Were he dominating in the polls — and, indeed, were he a
fair prospect for the general election — this might not matter a great deal.
But he is not. Rather, he is demonstrating neatly that while there is a
seemingly endless supply of Bushes who are willing and able to run for
president, the demand for their services has diminished to the vanishing point.
Jeb’s particular combination of maximum baggage and minimum benefit is an
unfortunate one at the best of times. With Donald Trump around, it’s lethal.
If, as seems likely, Hillary Clinton becomes the
Democratic nominee, the GOP will be presented with a golden opportunity to
fashion a campaign built around the promise of change. Hitherto, it has been
observed that this is one reason why choosing a Bush as the nominee would be a
bad idea: One cannot run the brother of the last Republican president and talk
with a straight face about freshness and advance — especially if one hopes to gain an advantage over an opponent who
is running as swiftly as possible against pretty much all of
her previously held positions. Today, I would like to add to this
hypothesis and ask whether it is a problem that Bush is in the race per se.
What good can it do the Right, I wonder, to get itself
bogged down in defenses of the Iraq war?; to become embroiled in personalized
debates over Middle Eastern chaos?; to hear repeated vestra culpas apropos 9/11? What benefit will conservatism derive
from well-publicized spitting matches between a former president who is trying
to help his brother and a new class that is trying to get away from him? How
useful can it be to force younger candidates — most of whom missed the Iraq
debate entirely — into the same pit as those who have already been tarnished?

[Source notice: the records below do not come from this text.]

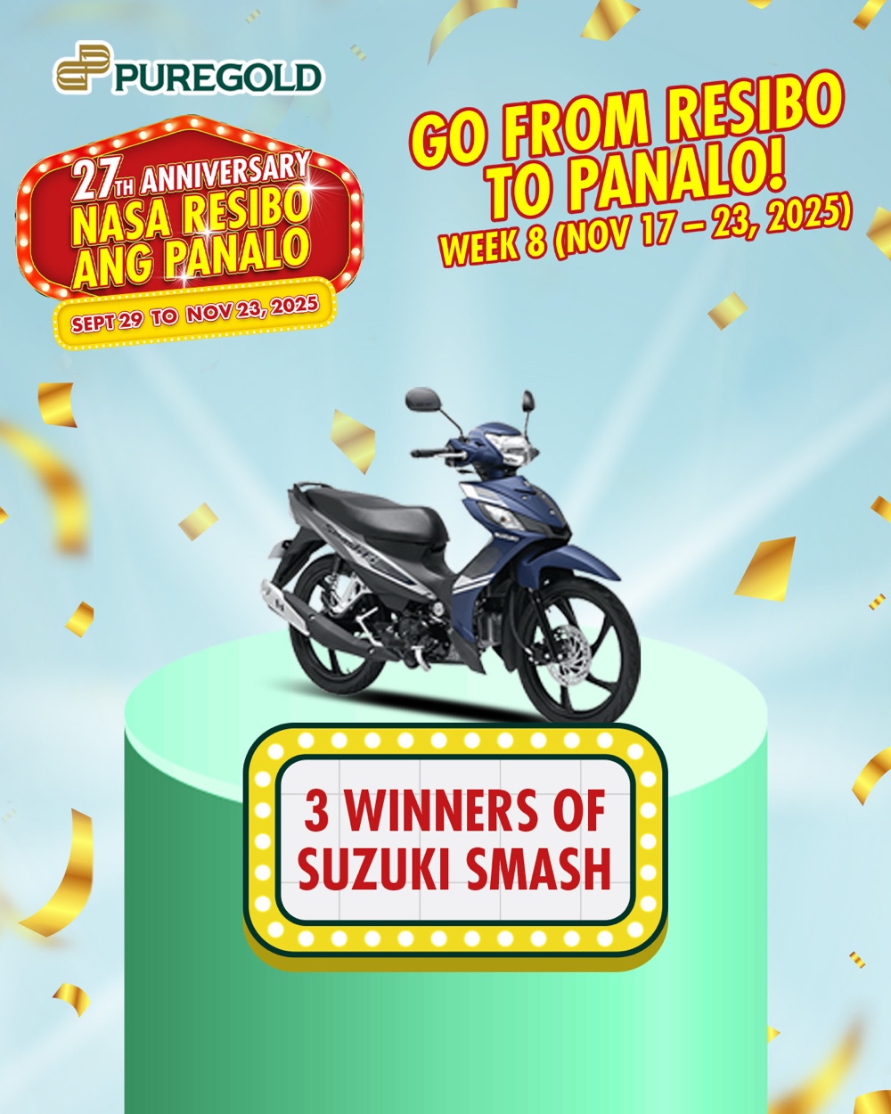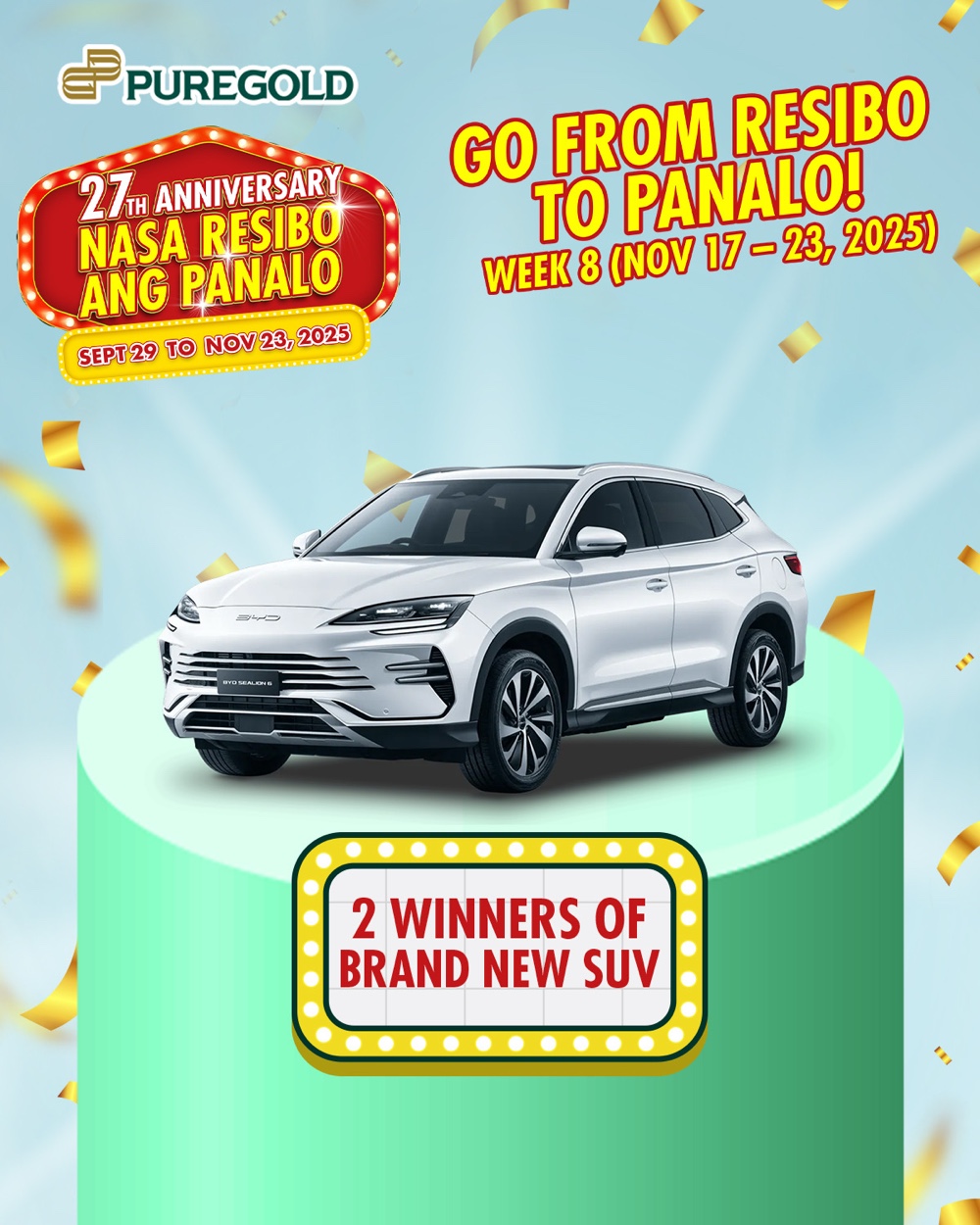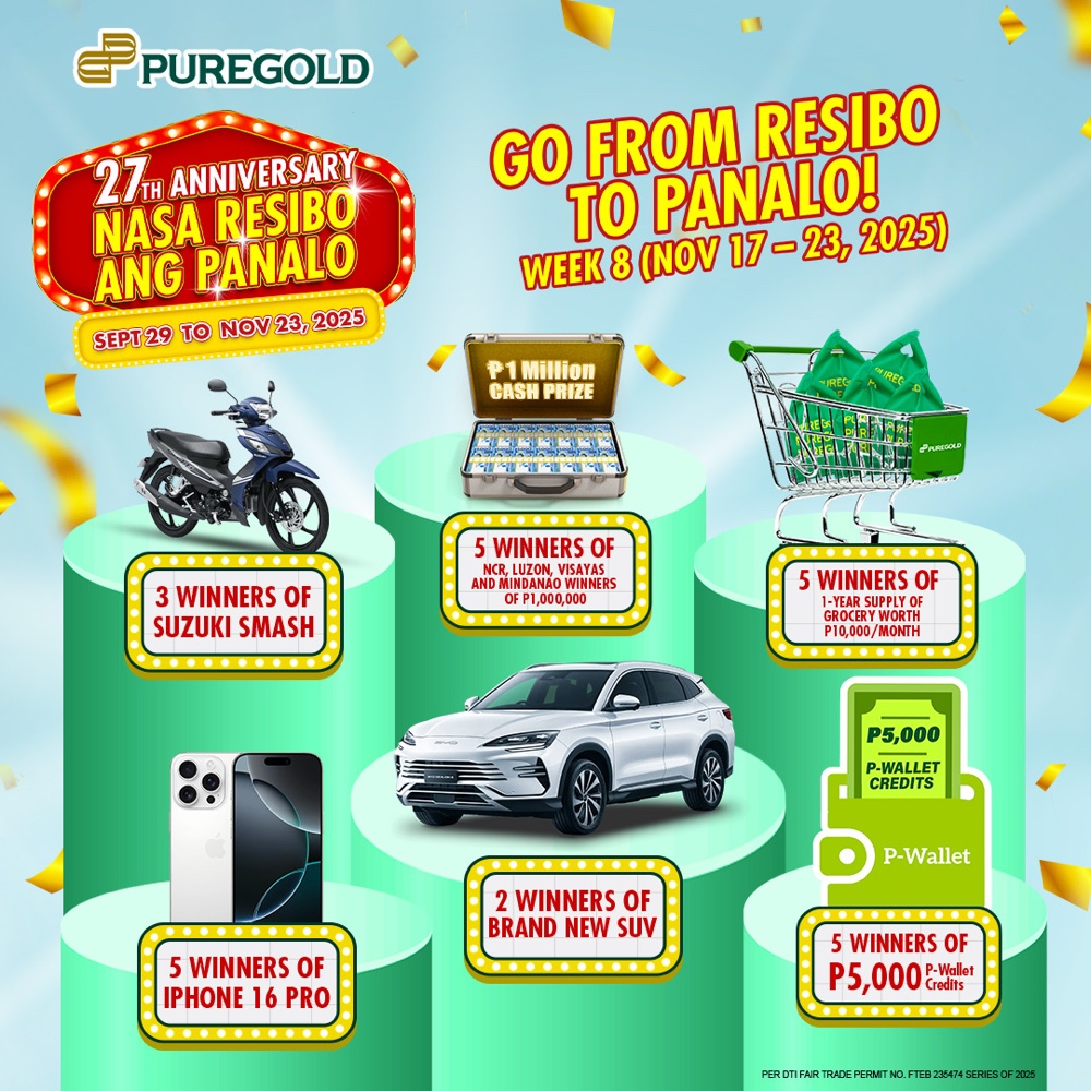Now approaching its eighth weekly draw covering the period of November 17 to 23, Puregold Nasa Resibo ang Panalo is stirring up excitement over its forthcoming major prizes that include Suzuki Smash motorcycles, brand-new BYD Sealion 6 SUVs, and several PhP 1 million cash prizes. Customers only need to present a registered receipt that meets a set minimum purchase amount.
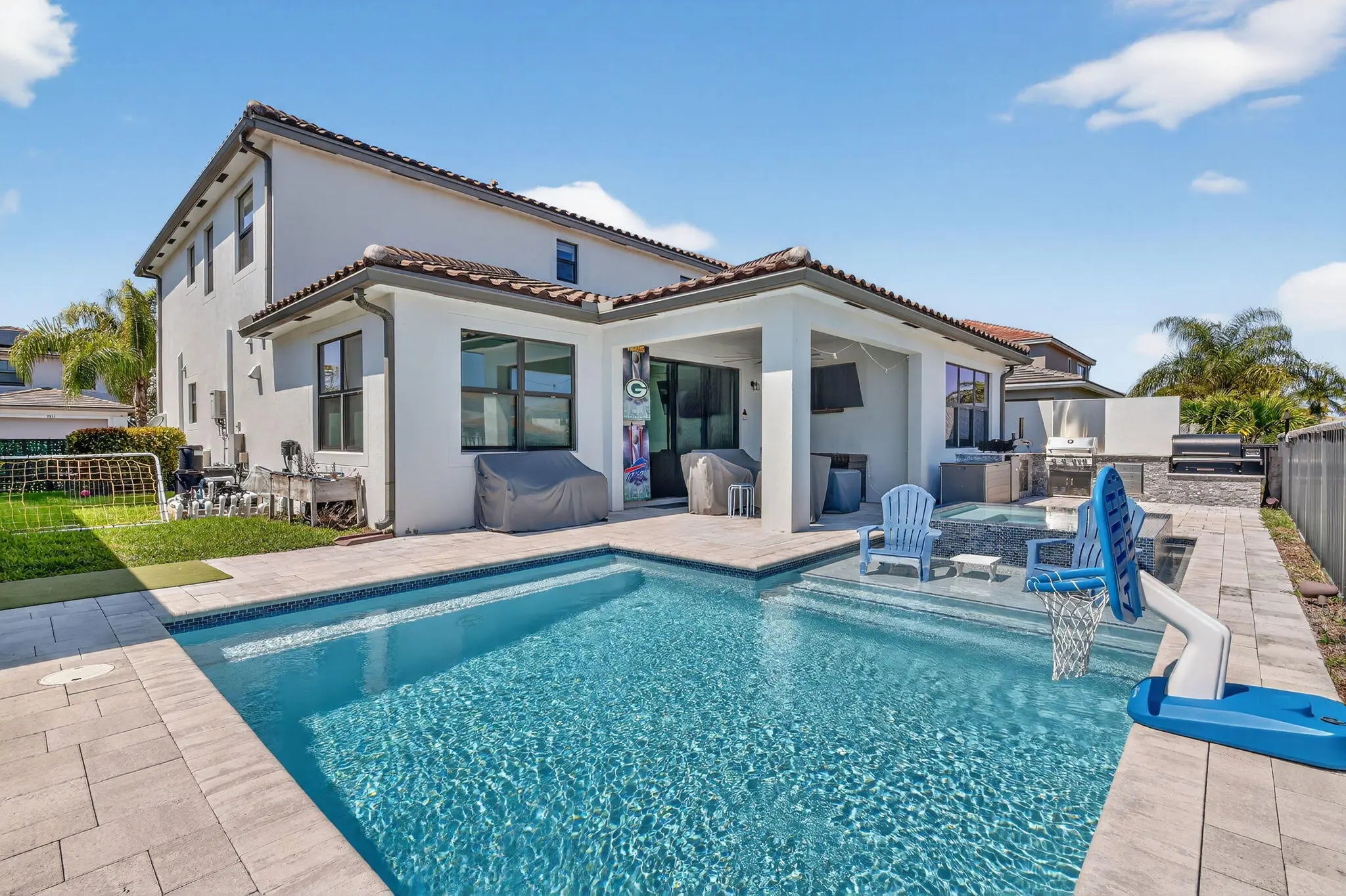 South Florida luxury living at its finest. Welcome to this exceptional 6-bedroom, 4-bath residence in the highly sought-after Villamar at Toscana Isles. Built in 2021, this expansive home offers modern construction, a thoughtfully designed layout, and a refined blend of comfort and style. A 6-bedroom floor plan provides versatility not commonly found in South Florida. The interior features spacious living areas, abundant natural light, and a seamless flow throughout. The outdoor living experience stands out with a private backyard retreat complete with a pool, built-in spa, and outdoor kitchen, creating a resort-style setting. Located in a gated community near shopping, dining, and major roadways.
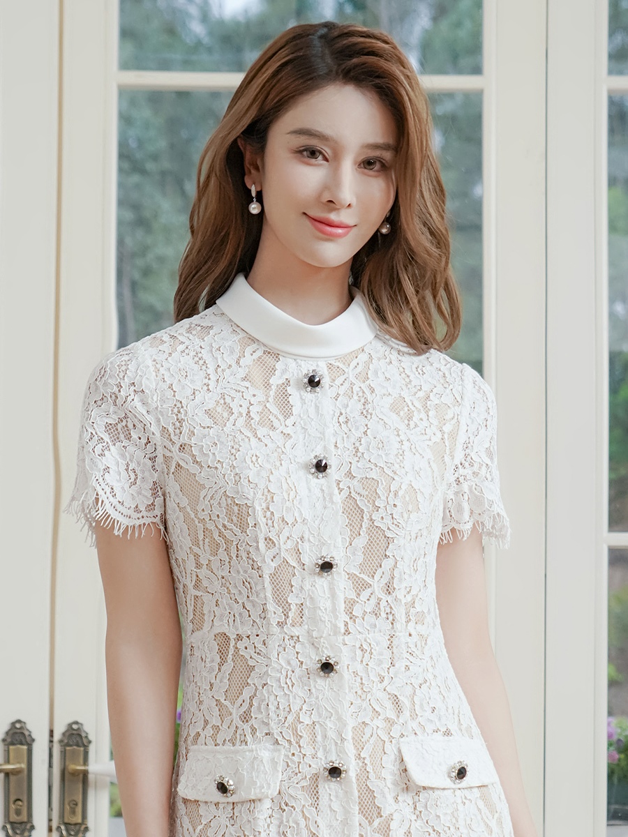 XS-Lサイズあり 【GINZA COUTURE/銀座クチュール】フラワーレース/ ハイネック/ 半袖/ 袖あり/ フェイクポケット/ タイト/ ミモレ丈/ ワンピース/ ミディアムドレス/ キャバドレス[OF2] [LKC25112-W-2510]
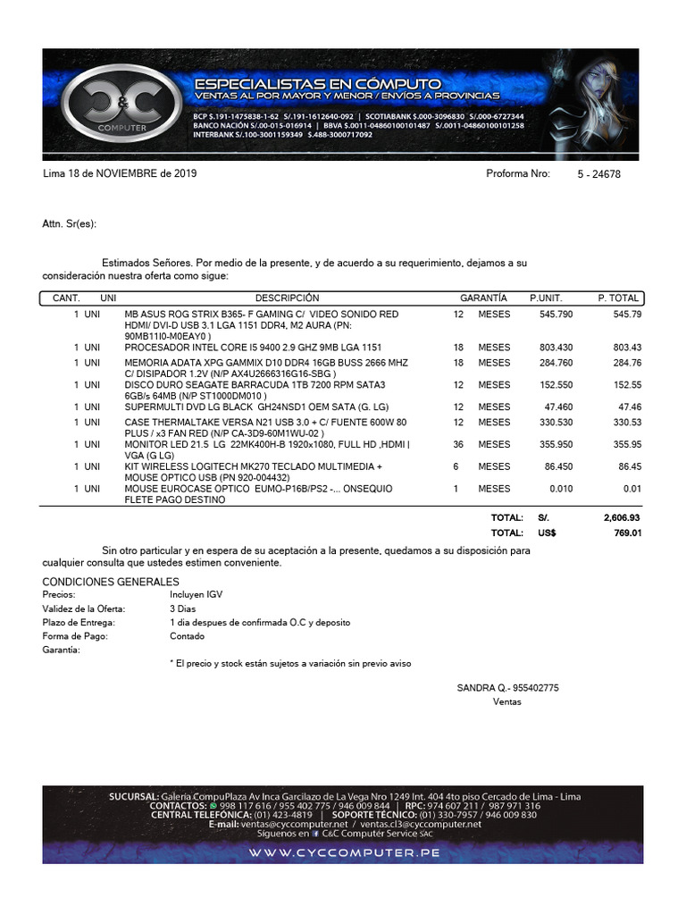 Lima 18 de NOVIEMBRE de 2019 Proforma Nro: 5 - 24678
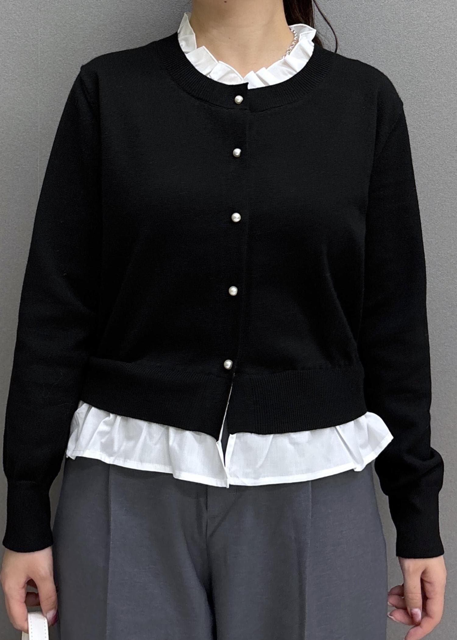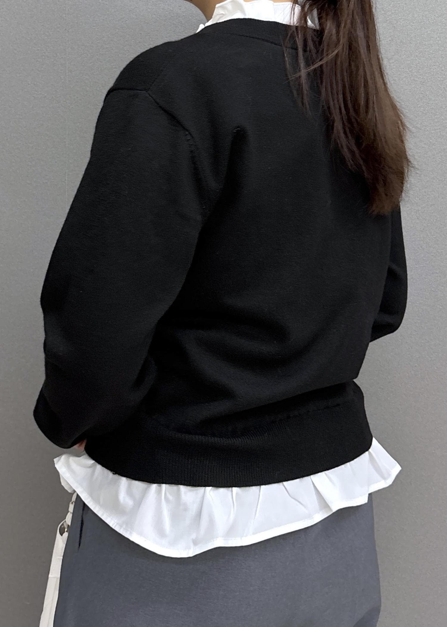 NEW!VIS【美得】フリル襟ドッキングニットカーディガントップスブラック / F¥5,929レビュー160㎝だと腰まわりがしっかり隠れる着丈。身幅はややゆとりがあり、体のラインを拾いすぎないサイズです!伸縮性のある柔らかい素材で着心地も抜群◎冬〜春まで長く着られそうな生地感です!
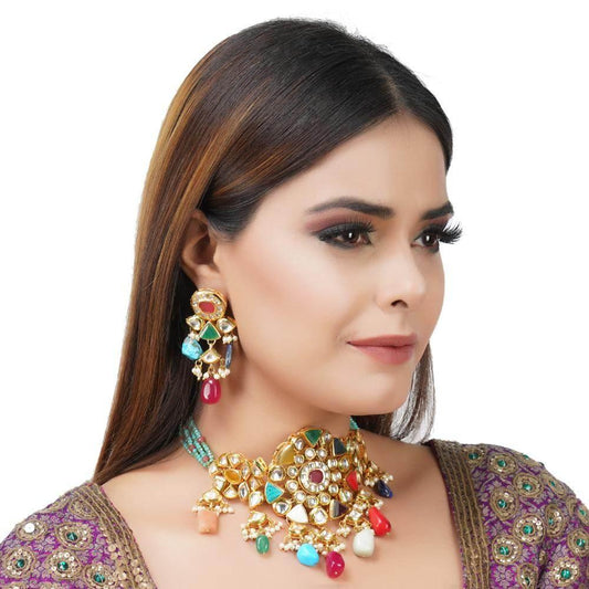 Dignified Kundan Necklace Set 22KT Gold Plated

I bear Jeb Bush no ill will. Indeed, I must confess that
I find the intense opprobrium that has been cast in his direction somewhat
perplexing in nature. In another set of circumstances, he would perhaps have
been exactly what America needed. But we are not in another set of
circumstances; rather, we are in the midst of an election that has taken an
extremely peculiar turn, and that seems set to continue to make such turns into
the foreseeable future. Life isn’t fair. Events overtake plans. Perhaps the time
for well-meaning lightning rods is coming quickly to a close?